- [TRY IT]: Retyped exactly and without pictures, the lines from the one with "Massa tradicional com" through the end of the listing must form the entire answer.

>>>>

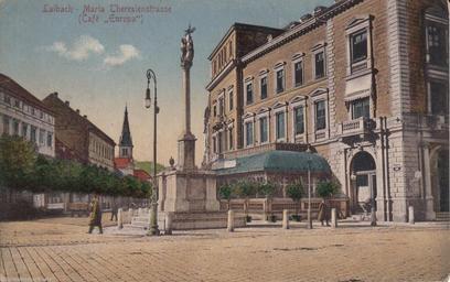 | Keywords: Postcard of Cafe Europa 1911.jpg Postcard of Cafe Europa 1911 http //www ebay de/itm/Laibach-Ljubljana-Maria-Theresien-Strase-Cafe-Europa-Ansicht-1911-Slowenien-/291478052955 author <gallery>File 1910 Ljubljana postcard - Cafe Europa jpg File Razglednica gosposvetske ceste jpg</gallery> PD-Slovenia Postcards of Ajdovščina Ljubljana 1911 postcards of Ljubljana Colored postcards of Ljubljana Postcards of Gosposvetska cesta Ljubljana Carriages in Ljubljana Postcards of the Tavčar Palace Historical images of the Holy Trinity Column Ljubljana Traffic bollards in the Center District Ljubljana |
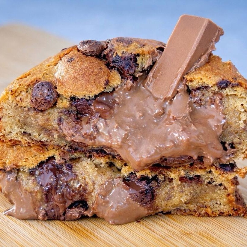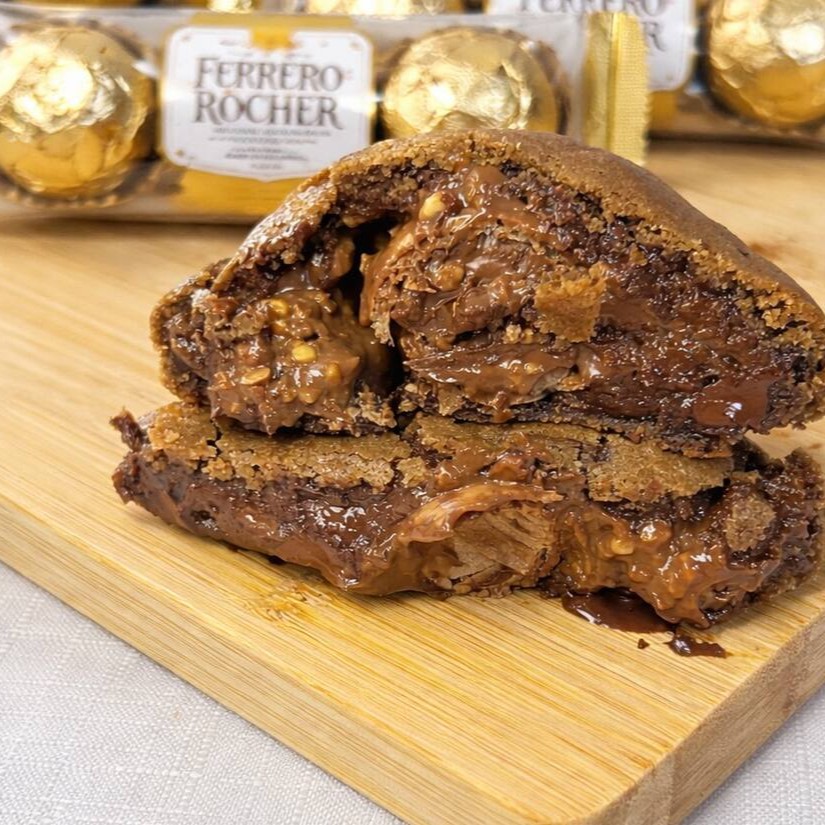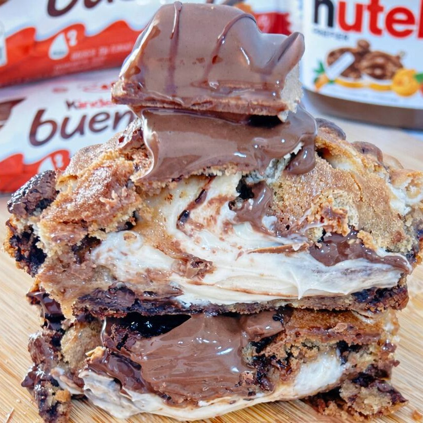 Massa tradicional com recheio de chocolate branco e Kinder Bueno.
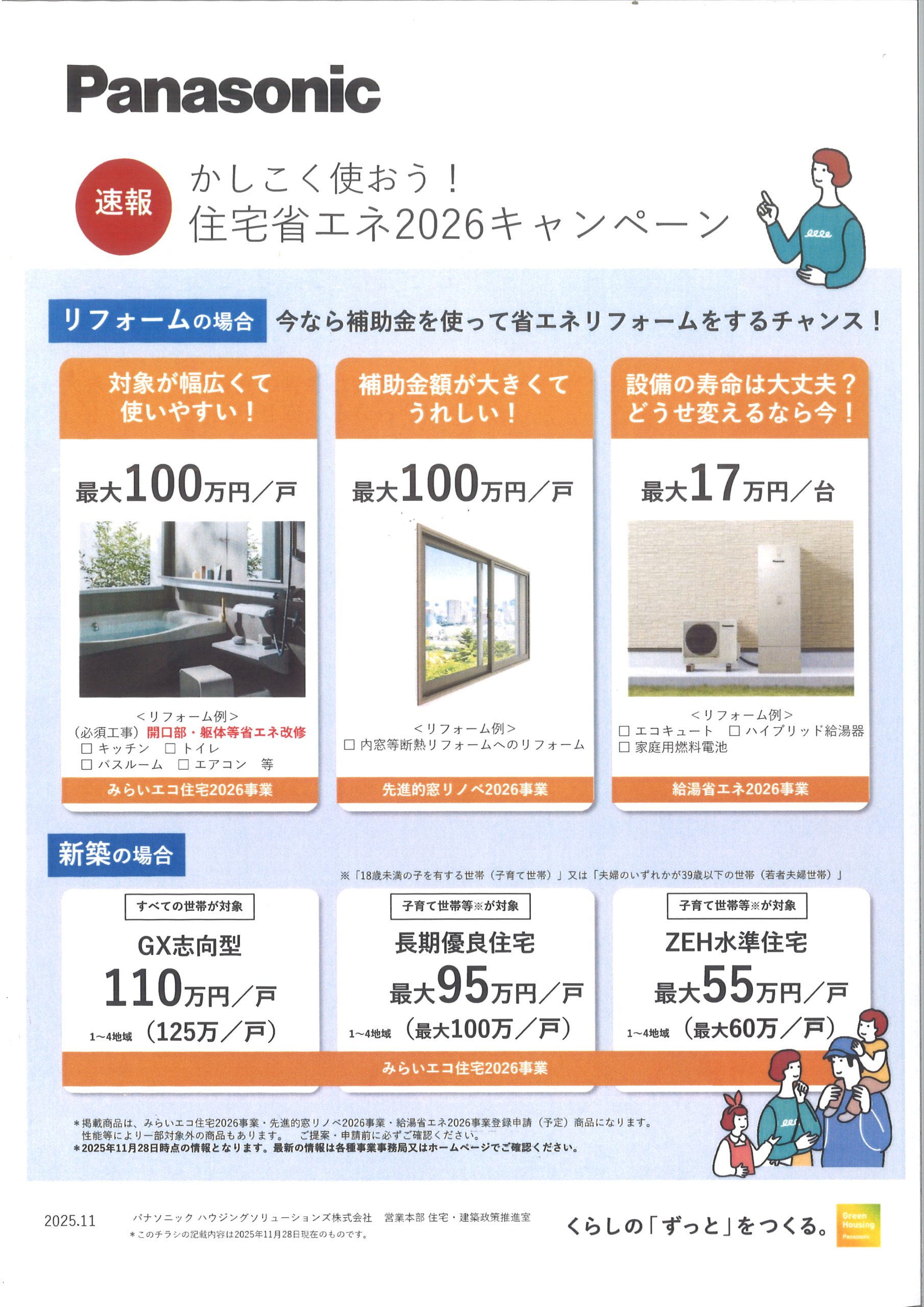 この度、住宅省エネ2025キャンペーンに引き続き、2026キャンペーンの情報が開示されました。
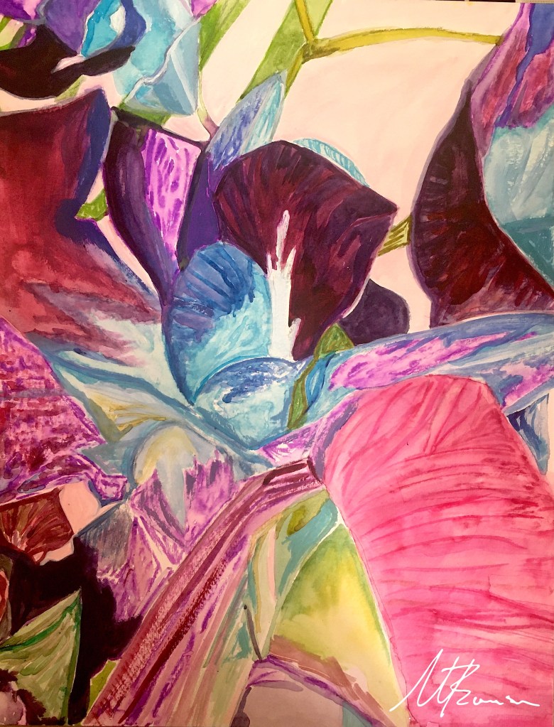 ©️ 2021, M.Thomson, Orchids of the Heart I, Mixed media on Impasto paper 400 gm/2, 16.1 H x 12.6 W (41 x 32 cm)
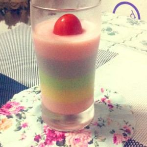 依次做好另外4种颜色。最后可在顶部加水果点缀。不塌陷即可品尝了。看我的图片,拍的还不错吧。
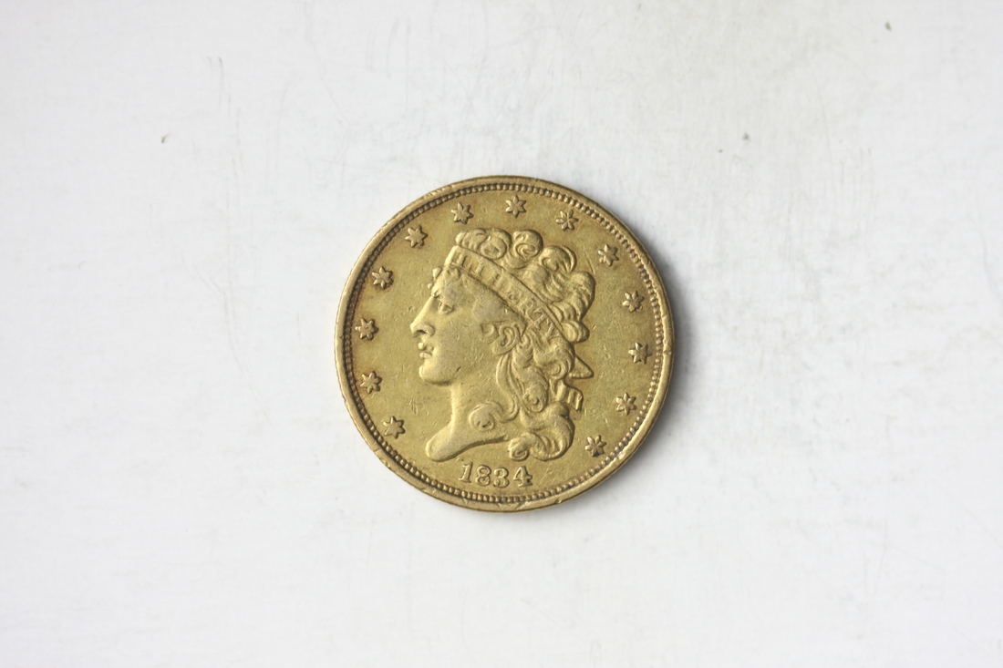 1834 Classic Head $5. Plain 4. Very Fine. Some scattered reverse contact marks pose no real threat to the coin's presentation.
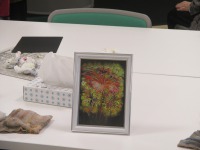 講師の方のアドバイスで大元の構図を決め、硝子盤にアクリルを少しずつ塗っていきます!その後麺棒や、筆など様々な道具を駆使してアクリル絵の具を延ばしたり、ぼかしに使ったりと、工夫をしながら作品を仕上げていきました♪
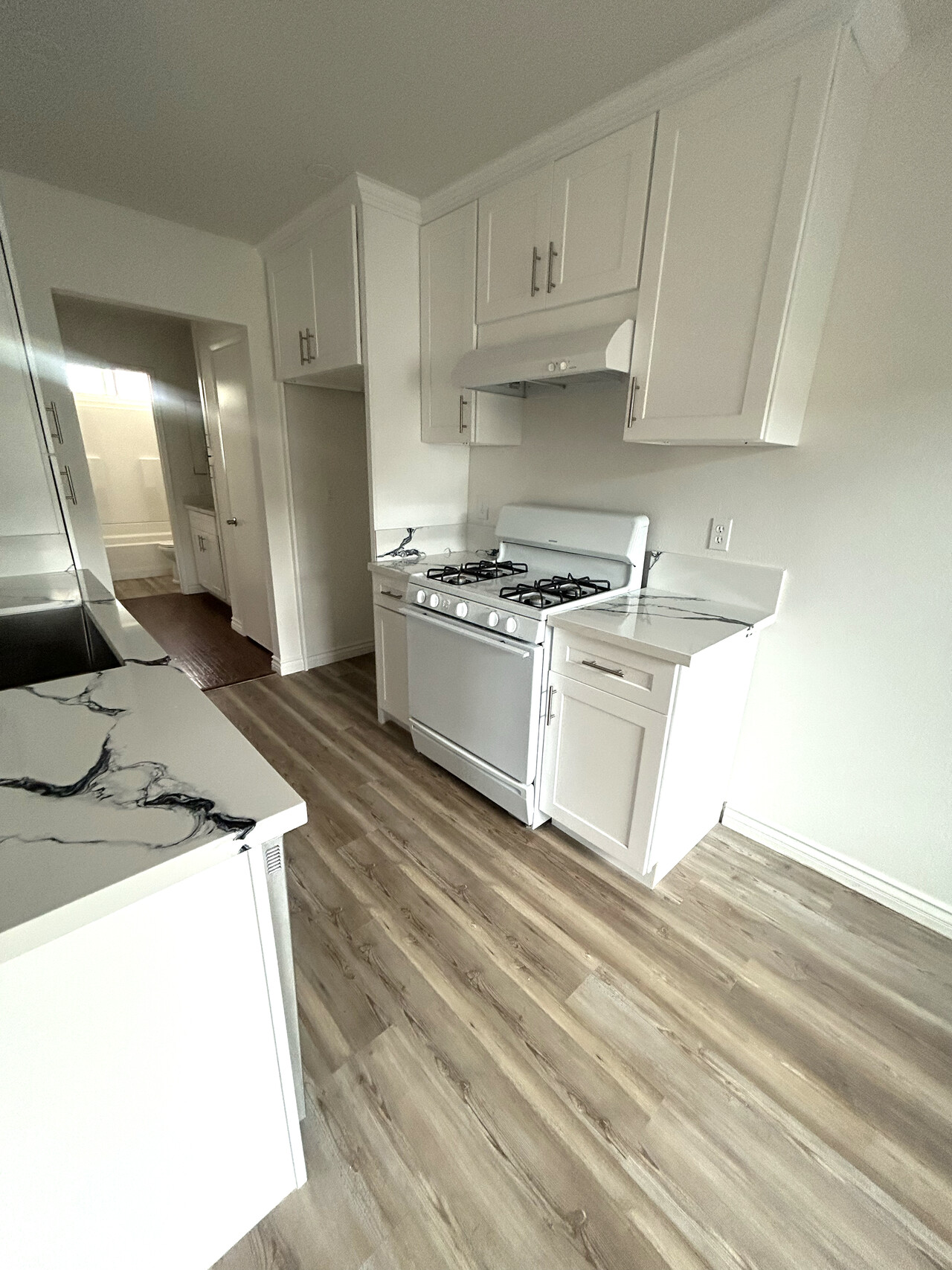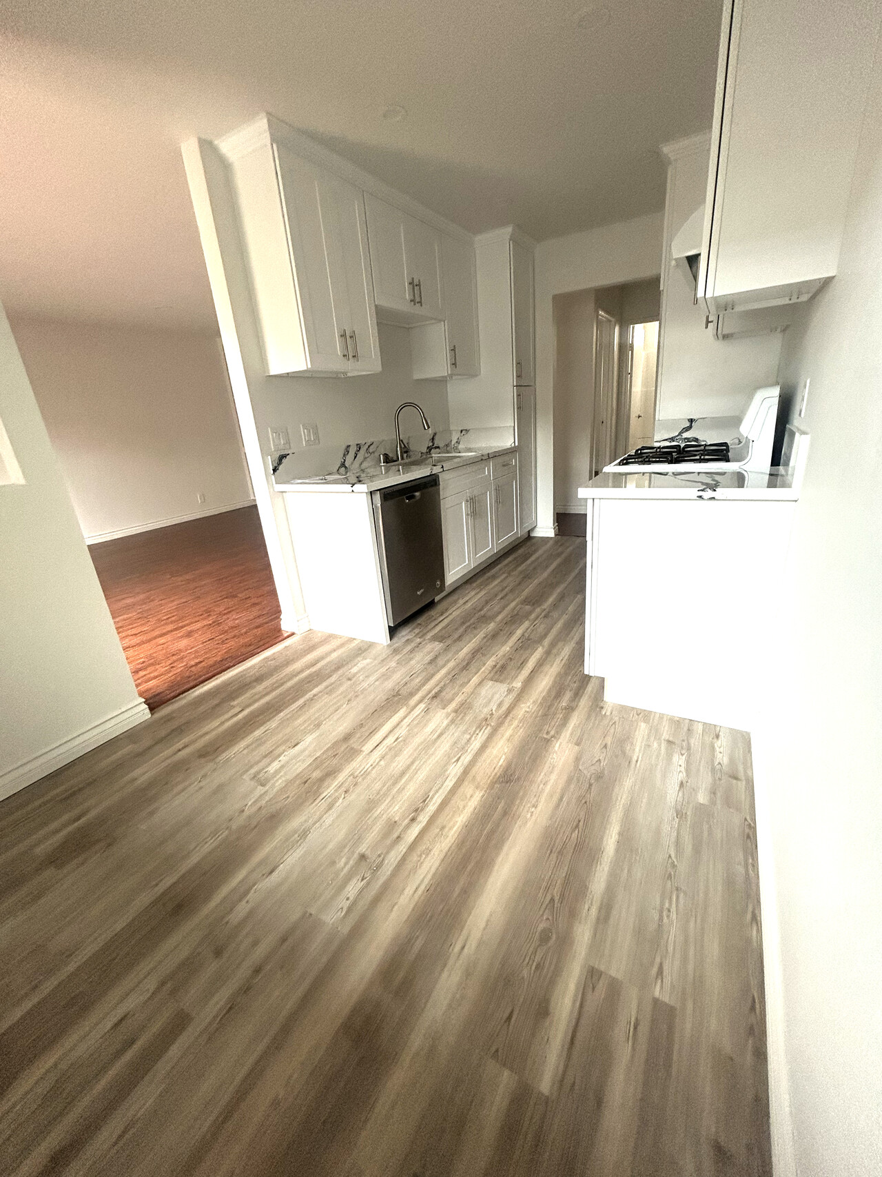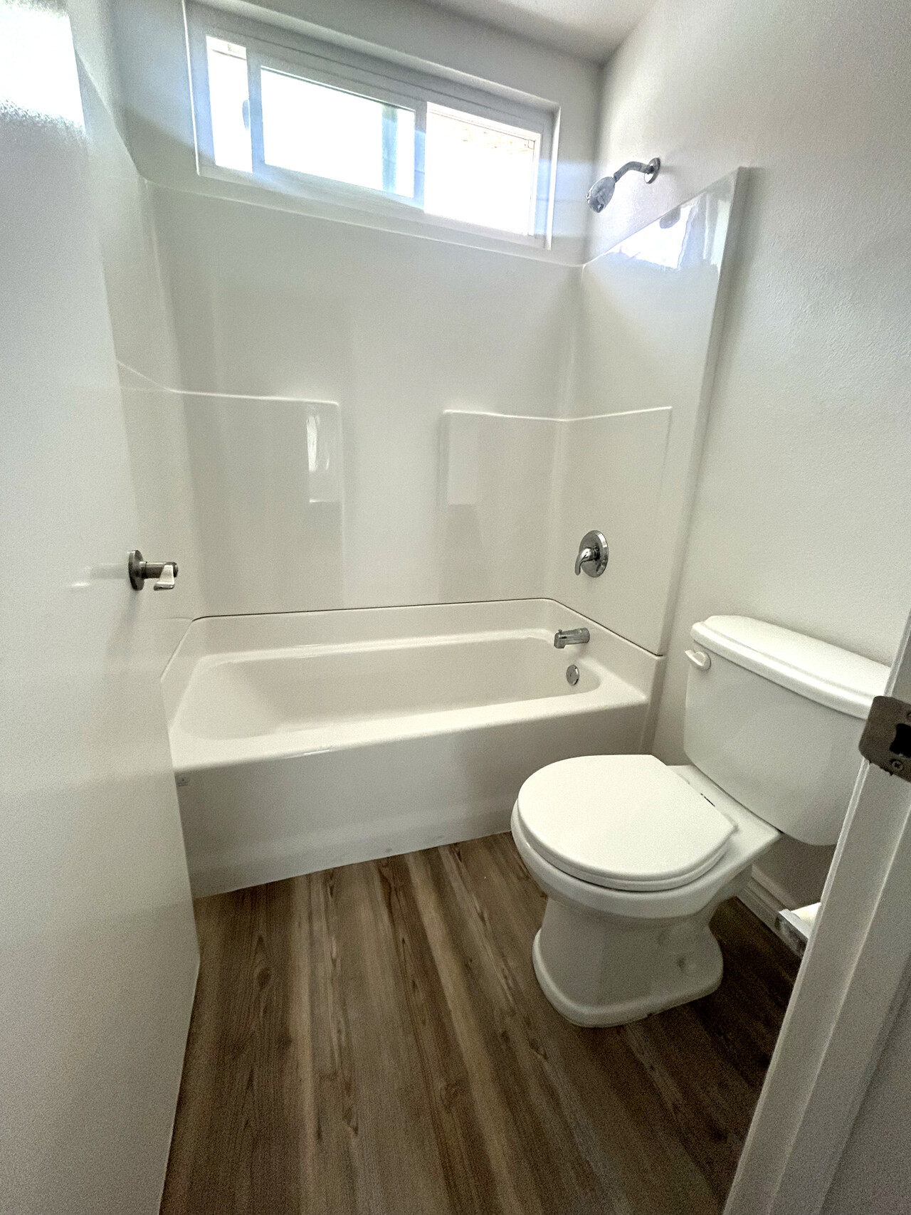 New paint, New kitchen cabinets, New bathtub and hardwood floor.

<<<<

- [TASK RESPONSE]:
 Massa tradicional com recheio de chocolate branco e Kinder Bueno.
 この度、住宅省エネ2025キャンペーンに引き続き、2026キャンペーンの情報が開示されました。
 ©️ 2021, M.Thomson, Orchids of the Heart I, Mixed media on Impasto paper 400 gm/2, 16.1 H x 12.6 W (41 x 32 cm)
 依次做好另外4种颜色。最后可在顶部加水果点缀。不塌陷即可品尝了。看我的图片,拍的还不错吧。
 1834 Classic Head $5. Plain 4. Very Fine. Some scattered reverse contact marks pose no real threat to the coin's presentation.
 講師の方のアドバイスで大元の構図を決め、硝子盤にアクリルを少しずつ塗っていきます!その後麺棒や、筆など様々な道具を駆使してアクリル絵の具を延ばしたり、ぼかしに使ったりと、工夫をしながら作品を仕上げていきました♪
 New paint, New kitchen cabinets, New bathtub and hardwood floor.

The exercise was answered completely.